Would you agree more men are having botox these days?
Richard: Absolutely. Men today are facing increased pressure to look youthful, athletic and masculine. And there’s definitely an increased social acceptability around it. Greater perception of the safety and efficacy of botox procedures is encouraging male patients who want to pursue it. Looking younger and more athletic can improve confidence and self-esteem. And then there’s the impact of social media. There’s such a desire to look good online. And botox is easy and it works. You’re in and out quickly, and the results last several months.
Catharine: I see a lot of men getting botox because it is seen to give them ‘executive edge’ in the workplace. It makes you look younger and therefore able to compete professionally with more confidence. The driver is often to look fresher and, less tired.
In your own clinics are you seeing a lot more men than you used to?
Richard: Yes. A lot of my male patients will get botox before a job interview or a special event like their wedding.

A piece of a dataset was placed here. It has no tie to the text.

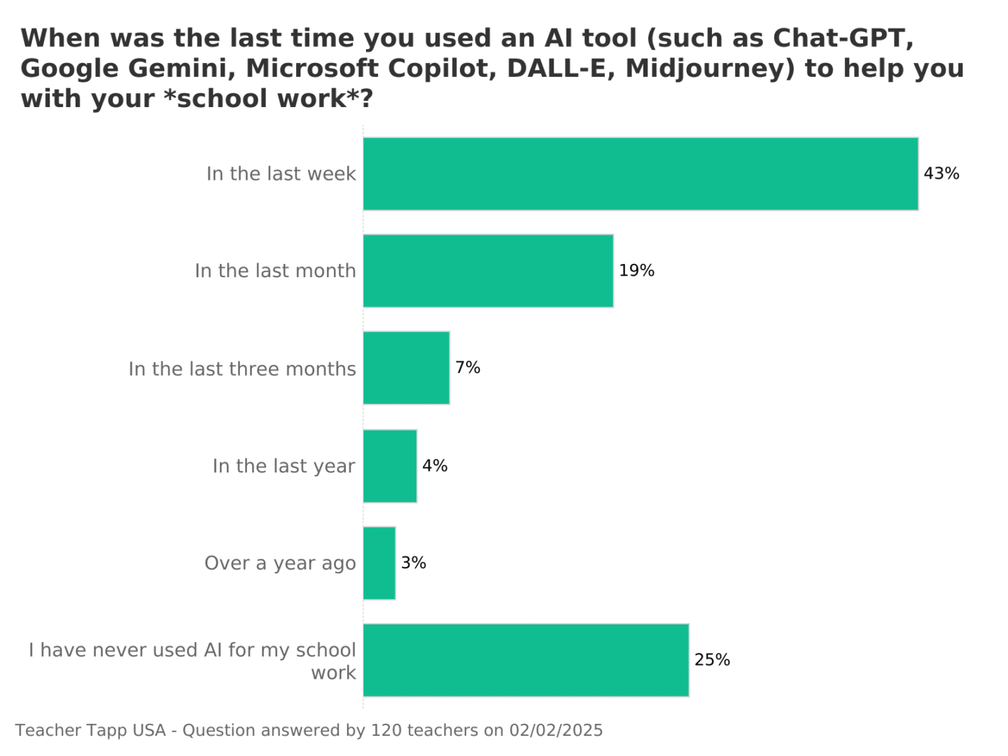 Quite a lot, in fact! 43% of teachers have used AI in the past week, while another 19% used it within the last month. A smaller group (7%) last used it more than three months ago. That suggests AI is something teachers either integrate into their routine or try once and move on.

Catharine: Botox is the most common treatment I administer and 30% of my botox treatments are on men. This is a huge increase from last year and the number is only growing. I treat a whole range of male clients from different walks of life. Just the other day I had a male army cadet come in for his first botox treatment.
What questions do male clients ask the most often?
Richard: ‘Will my face look frozen?’ My philosophy has always been: less is more. I always treat my patients conservatively so as not to give them a ‘frozen’ look whereby they cannot make any expression. A complimentary follow-up review is scheduled after two weeks to ensure the patient is happy with the results. If there is still too much movement, I’ll give them a top up..
Catharine: For me it is always, “Does it hurt?” Most end the consultation saying, “Oh, is that it?”
And how would you describe the treatment to a first timer?
Richard: Quick,easy and pain free. You might find it odd that you can’t move certain facial muscles as much, but this feeling subsides once you get used to it, and with subsequent treatments it doesn’t happen.
Catharine: Treatments are quick – usually 20 minutes – and not nearly as uncomfortable as men expect. Guys often pop in at lunchtime, can go straight back to the office afterwards and colleagues are none the wiser.
Where should you have it?
Catharine: Botox works by blocking a particular neurotransmitter from reaching receptors and so preventing receptor activation. In the face, which is one of my most popular areas for botox, this softens muscle movement and in doing so smooths fine lines, and prevents and softens wrinkles. It can also be used to block the same chemical in sweat glands, so it’s great for treating excessive sweating. I often use botox as a preventative to sweating, particularly in the armpit. This is usually for men who wear close-fitting shirts to work and are concerned about sweat marks.
Richard: Lines and wrinkle reduction on the face, specifically around the eyes, are usually what people are seeking to correct. The aim with botox is to break the habit of frowning and squinting to reduce the appearance of the lines, which will then also help to reduce the development of further facial lines. I also use botox to elevate the eyebrows, opening up the eyes to give a more relaxed, fresher appearance.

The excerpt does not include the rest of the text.